O aparecimento do termo "dispositivo" no vocabulário conceitual de Foucault está


provavelmente ligado à sua utilização por Deleuze e Guattari no Anti-Édipo (1972): é, pelo
menos, o que deixa entender o prefácio que Foucault escreveu em 1977 para a edição
americano do livro, visto que ele aí observa "as noções em aparência abstratas de
multiplicidades, de fluxos, de dispositivos e de ramificações". Posteriormente, o termo
receberá uma acepção cada vez mais ampla (mesmo que, no começo, Foucault somente utilize
a expressão "dispositivo de poder") e cada vez mais precisa, até ser objeto de uma reflexão
completa após A vontade de saber (1976), em que a expressão "dispositivo de sexualidade é
central: um dispositivo é "um conjunto decididamente heterogêneo que engloba discursos,
instituições, organizações arquitetônicas, decisões regulamentares, leis, medidas
administrativas, enunciados científicos, proposições filosóficas, morais, filantrópicas. Em suma:
o dito e o não-dito [...]. O dispositivo é a rede que se pode estabelecer entre esses elementos".
O problema é, então, para Foucault, o de interrogar tanto a natureza dos diferentes
dispositivos que ele encontra quanto sua função estratégica.

Na verdade, a noção de dispositivo substitui pouco a pouco aquele de episteme,


empregada por Foucault, de um modo absolutamente particular, em As palavras e as coisas e
até o final dos anos 60. Com efeito, a episteme é um dispositivo especificamente discursivo,
enquanto o "dispositivo", no sentido que Foucault explorará dez anos mais tarde, contém
igualmente instituições e práticas, isto é, "todo o social não-discursivo".

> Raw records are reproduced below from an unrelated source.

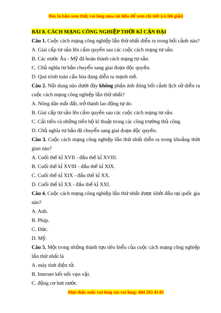 Đây là bản xem th , vu ử i lòng mua tài li u ệ đ xe ể m chi ti t ế (có l i ờ gi i ả ) BÀI 8. CÁCH M N Ạ G CÔNG NGHI P Ệ TH I Ờ KÌ C N Ậ Đ I Ạ Câu 1. Cu c ộ cách m ng ạ công nghi p l ệ n t ầ h nh ứ t ấ di n r ễ a trong b i ố c nh nào? ả A. Giai c p t ấ s ư n ả lên c m ầ quy n s ề au các cu c ộ cách m ng ạ t s ư n. ả B. Các nư c
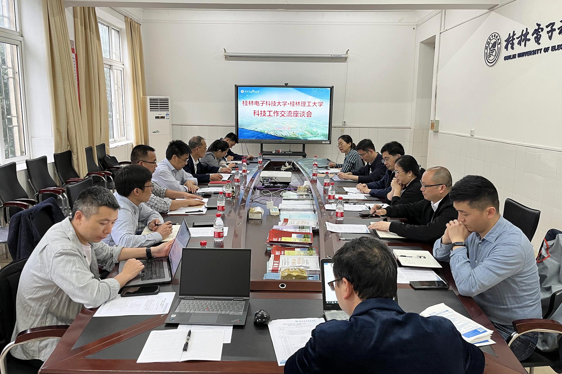 5月10日上午,桂林理工大学科技处处长王磊一行到校进行科技工作交流,KY.COM科学技术发展研究院(简称科研院)院长曹卫平等相关负责人接待了王磊一行,双方在桂电大学科技园会议室进行了座谈交流。
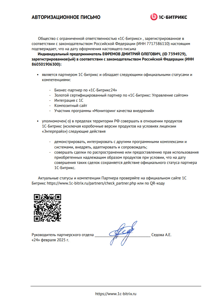Сертификат "Интеграция с 1C"
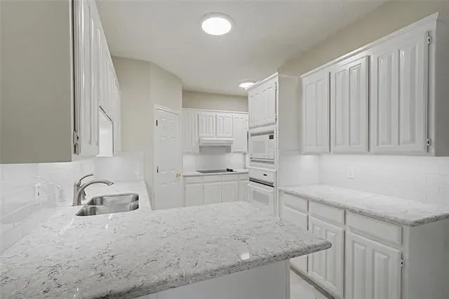 The kitchen is truly the heart of this home, showcasing sleek quartz countertops, classic subway tile backsplash, and a convenient breakfast bar. Thoughtful updates include a spacious walk-in pantry, granite-style countertops, and modern finishes that make meal preparation a pleasure. The adjacent formal dining room offers an ideal space for gathering with family and friends.
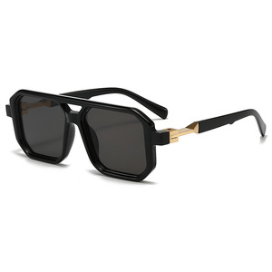 新款跨镜欧美双梁墨镜金属百搭街拍时尚高级感太阳镜防紫外线眼镜
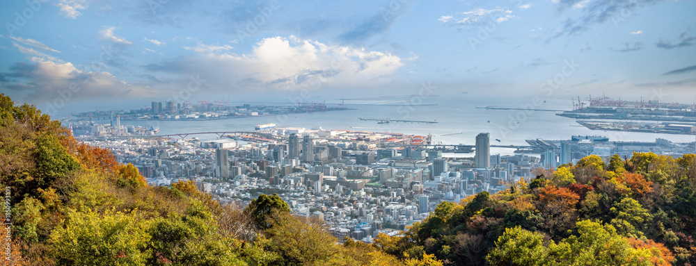 View of the modern city of Kobe from the Rokko mountain range, Kobe, Hyogo, Honshu, Japan
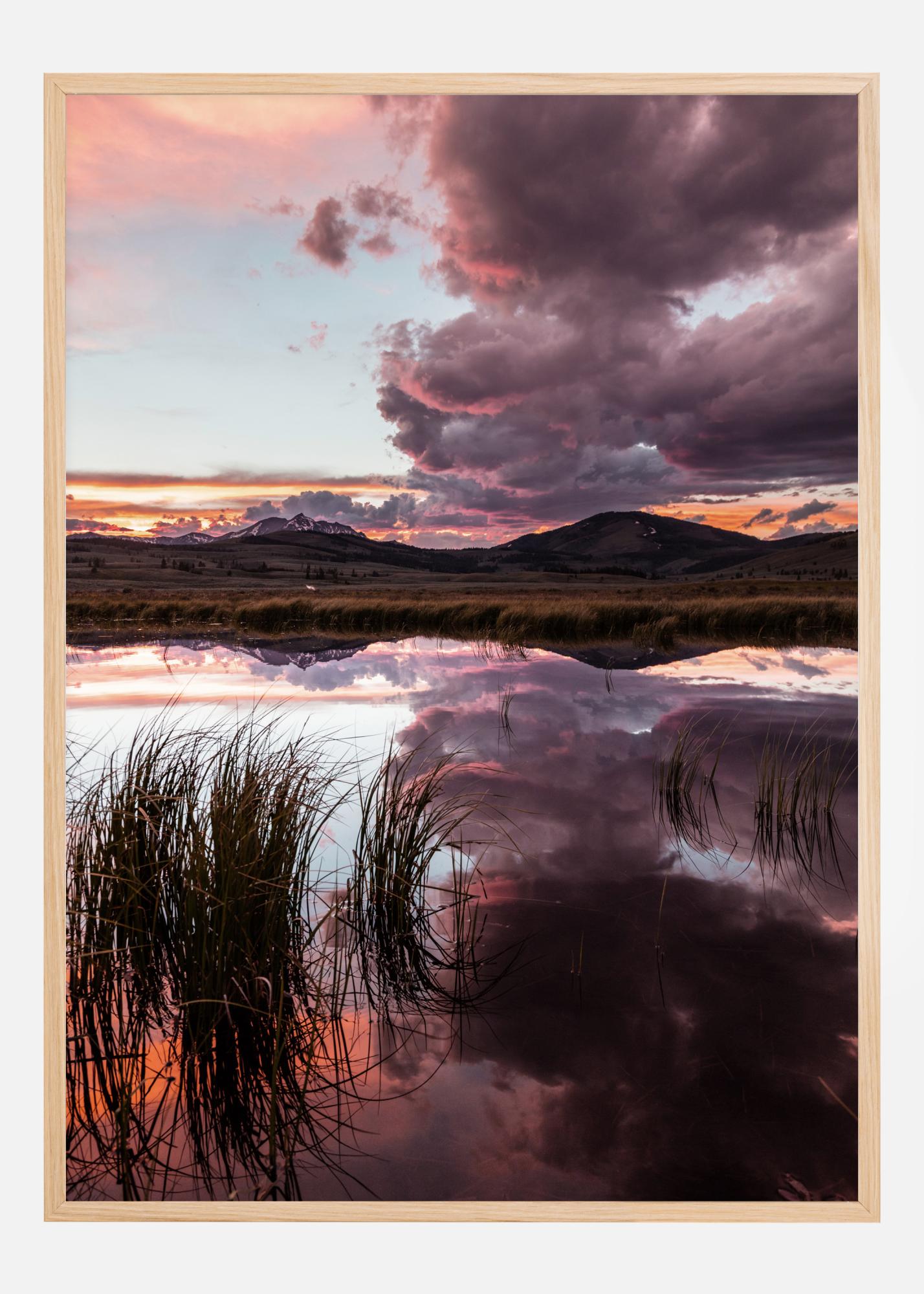 Un paisaje con un lago, juncos y nubes sobre el horizonte. Los juncos están en el lago y se mecen con el viento mientras grandes nubes se desplazan por encima y se reflejan en la superficie del agua. Dos filas de nubes dirigen la mirada hacia el horizonte y la puesta de sol rojiza. Disfruta del drama en esta obra de tonos pastel intensos.

Para Deleuze o dispositivo é tudo aquilo que faz ver e faz falar. Agamben diz que o
sujeito só é sujeito no dispositivo (só somos alunos por conta da universidade). Segundo ele,
existem os dispositivos sagrados: manter a coisa como está e o dispositivo profano: aquele que
subverte o sentido dado. O homem contemporâneo é aquele que tem coragem de olhar para o
escuro de seu tempo. Outra questão importante é Badiou quem traz: a função da filosofia não
é ficar falando de tudo e qualquer coisa em qualquer lugar, tal como a do psicanalista. Sua
função é fazer ligação entre lógicas que não dialogam entre si. Quando vamos montar um
dispositivo, vamos montar dispositivos dentro de lógicas que não dialogam entre si. Para isso,
é importante que se constitua um espaço vazio, o espaço aonde o sujeito vai falar. O vazio é a
essência do lugar, aonde dialogarão essas lógicas que não dialogam entre si. Mas e quando se
constitui esse espaço vazio, o que resta ao homem? A coragem de pular nesse vazio. Nós
teremos que segurar esse vazio, sem tapá-lo. É assim que começa a escuta a partir das
ancoragens. O conceito de ancoragem significa: o que amarra esse sujeito à vida? Iremos
escutar isso na transferência, na pulsão, na repetição. Quando se descobre as ancoragens,
muda-se complemente: não é mais a família meu “norteador”, mas as ancoragens que me
guiarão no território.

Quando vamos para o território, fazemos uma escuta territorial: como a vida pulsa?
Como as pessoas se relacionam?

Para a aula do dia pesquisa participativa com população de rua de SP (CASS)

05/10/18

Discussão sobre o Projeto “Pode Pá Uma Nova Abordagem na Aplicação de


Medidas Socioeducativas em Meio Aberto”, realizado pela empresa SUR Soluções Sociais, do
Prof. Jorge Broide e sua mulher Emília Estivalet Broide.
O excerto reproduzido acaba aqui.